What to produce:
Repeat every record below exactly, omitting any pictures.

Excerpted data:
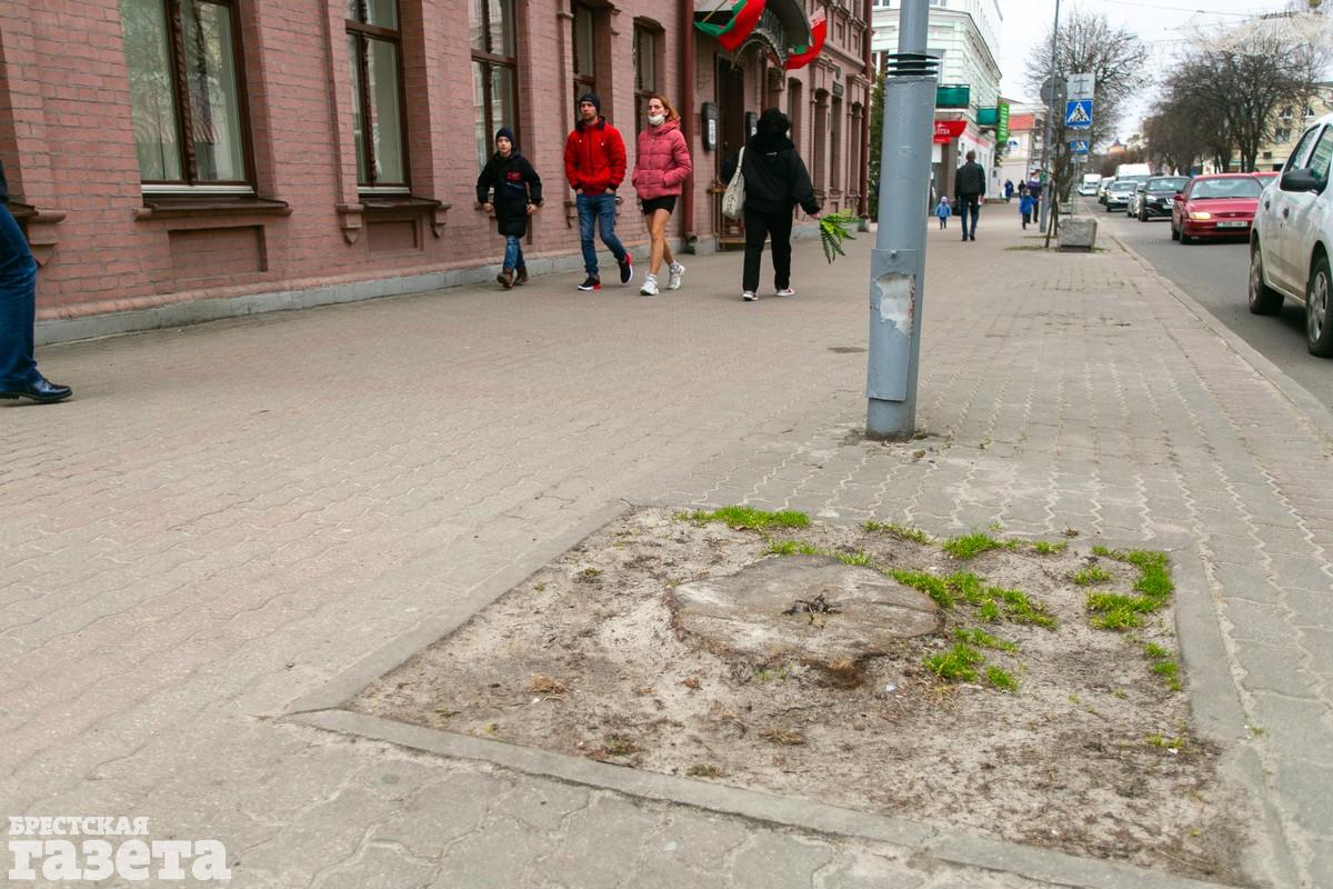 Если и были причины для удаления старого дерева, то было бы логично сразу довести начатое до конца. То есть посадить новое дерево или заложить пустующее место в уровень тротуарной плиткой. Стоит отметить, что в некоторых местах центра, хоть и крайне медленно, это уже делается.
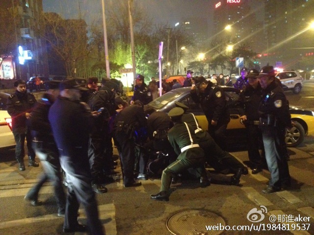 當(dāng)時附近行人很多,該男子先是由西往東走了一小段,“這時候店內(nèi)沖出來了兩名身穿西服的男性工作人員,拿著金屬制品開始追趕該男子,”該男子見狀從兜里掏出了一把長約20公分的水果刀,一邊罵人,一邊越過馬路由東往西跑,兩名男店員在后面緊追不舍。圖為網(wǎng)傳抓捕現(xiàn)場。DGz安康新聞網(wǎng)
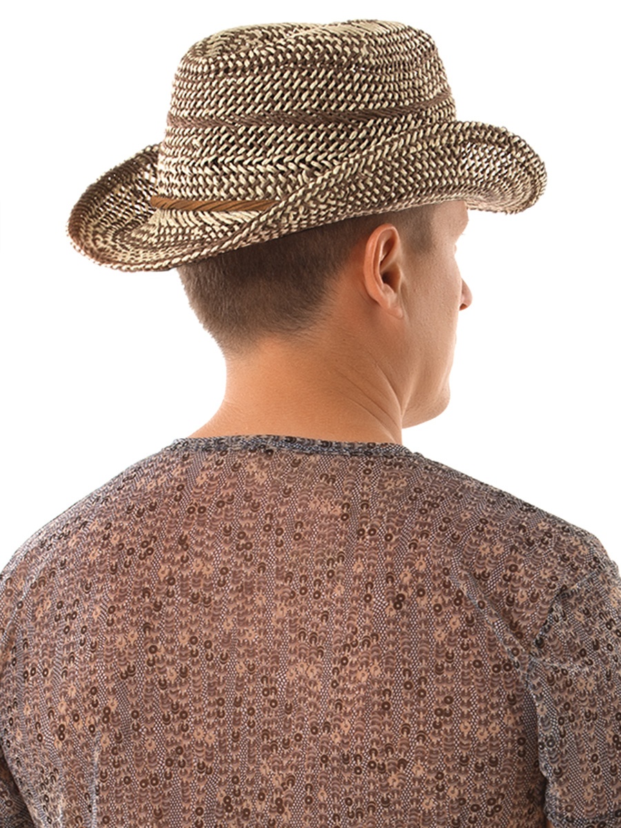 Стильная мужская шляпа из качественного синтетического материала, с контрастным плетением и узкими гибкими полями. Прекрасно защищает от солнца и обеспечивает циркуляцию воздуха. Лаконичный декор в виде крученых тонких ремешков вокруг тульи придает изделию законченный вид.
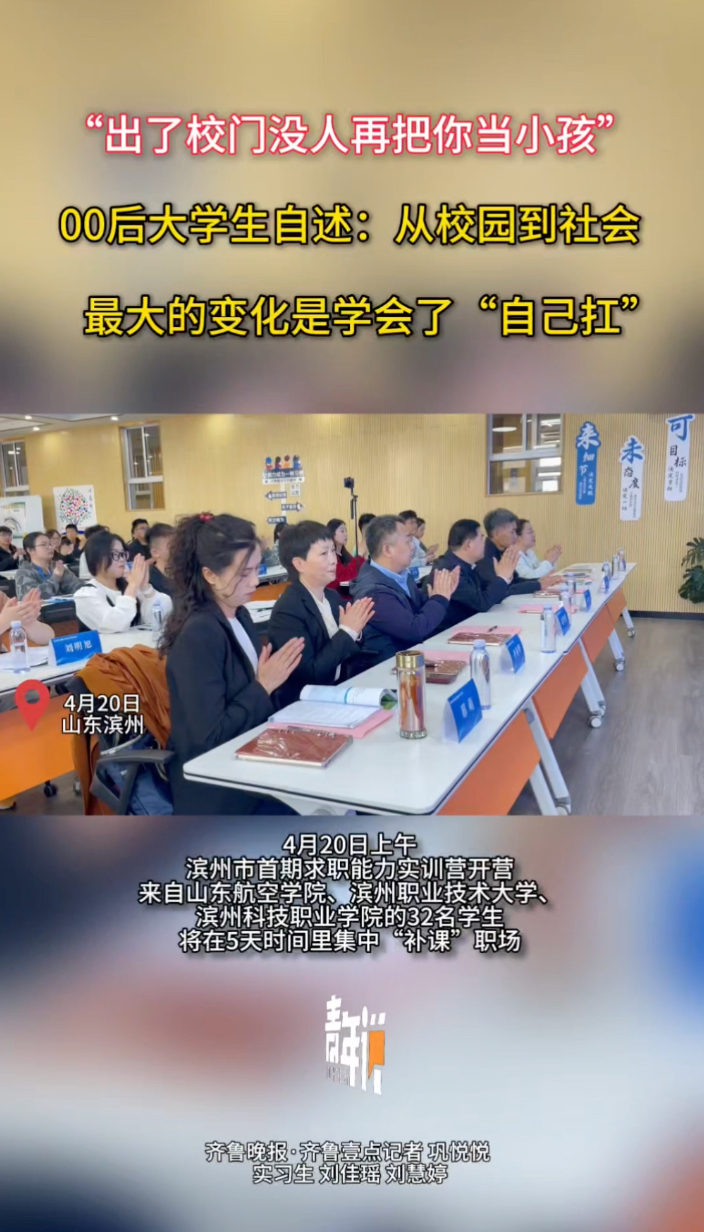 00后大学生自述:从校园到社会,最大的变化是学会了“自己扛”齐鲁壹点 | 11:38 原创齐鲁晚报·齐鲁壹点客户端 微信扫码扫码下载客户端(记者 巩悦悦 实习生 刘佳瑶 刘慧婷)“出了校门,没人再把你当小孩。”00后大学生自述:从校园到社会,最大的变化是学会了“自己扛”。淄博市淄川区人社局就业科科员齐秀华提醒:懂得感恩,才能走得更远。4月20日,滨州市首期求职能力实训营开营,32名大学生开启5天“职场补课”,不拼时长拼实战。
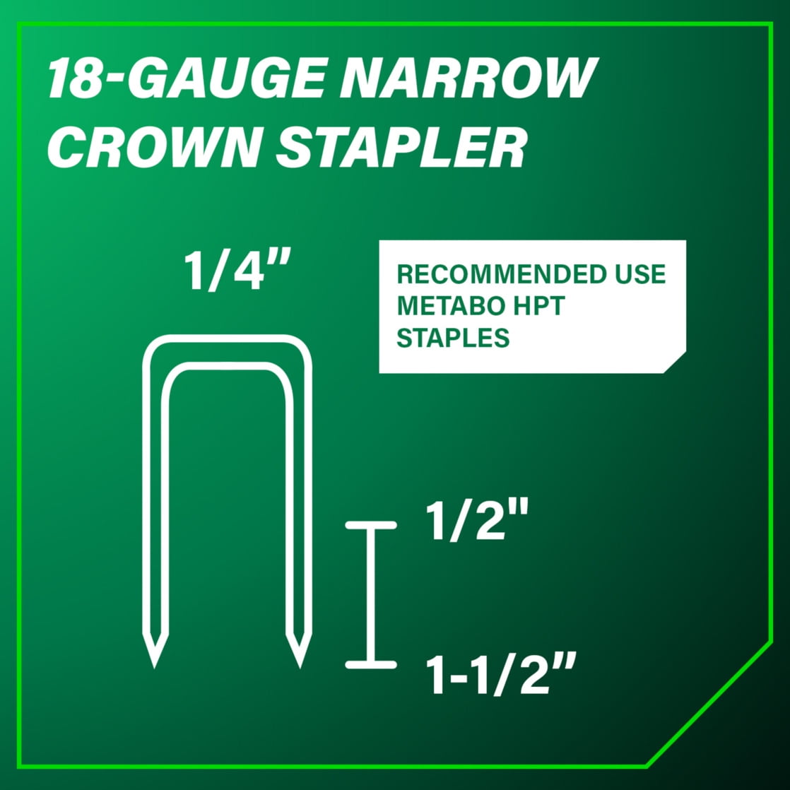 Metabo HPT Narrow Crown Stapler, Pro-Preferred Pneumatic Power Nailers, Finish Stapler for Furniture & Cabinetry, Lightweight Trim Tool, Ergonomic Design, 18 Gauge, 1/2″ to 1-1/2″ Staples, N3804AB3

Final answer:
 Если и были причины для удаления старого дерева, то было бы логично сразу довести начатое до конца. То есть посадить новое дерево или заложить пустующее место в уровень тротуарной плиткой. Стоит отметить, что в некоторых местах центра, хоть и крайне медленно, это уже делается.
 當(dāng)時附近行人很多,該男子先是由西往東走了一小段,“這時候店內(nèi)沖出來了兩名身穿西服的男性工作人員,拿著金屬制品開始追趕該男子,”該男子見狀從兜里掏出了一把長約20公分的水果刀,一邊罵人,一邊越過馬路由東往西跑,兩名男店員在后面緊追不舍。圖為網(wǎng)傳抓捕現(xiàn)場。DGz安康新聞網(wǎng)
 Стильная мужская шляпа из качественного синтетического материала, с контрастным плетением и узкими гибкими полями. Прекрасно защищает от солнца и обеспечивает циркуляцию воздуха. Лаконичный декор в виде крученых тонких ремешков вокруг тульи придает изделию законченный вид.
 00后大学生自述:从校园到社会,最大的变化是学会了“自己扛”齐鲁壹点 | 11:38 原创齐鲁晚报·齐鲁壹点客户端 微信扫码扫码下载客户端(记者 巩悦悦 实习生 刘佳瑶 刘慧婷)“出了校门,没人再把你当小孩。”00后大学生自述:从校园到社会,最大的变化是学会了“自己扛”。淄博市淄川区人社局就业科科员齐秀华提醒:懂得感恩,才能走得更远。4月20日,滨州市首期求职能力实训营开营,32名大学生开启5天“职场补课”,不拼时长拼实战。
 Metabo HPT Narrow Crown Stapler, Pro-Preferred Pneumatic Power Nailers, Finish Stapler for Furniture & Cabinetry, Lightweight Trim Tool, Ergonomic Design, 18 Gauge, 1/2″ to 1-1/2″ Staples, N3804AB3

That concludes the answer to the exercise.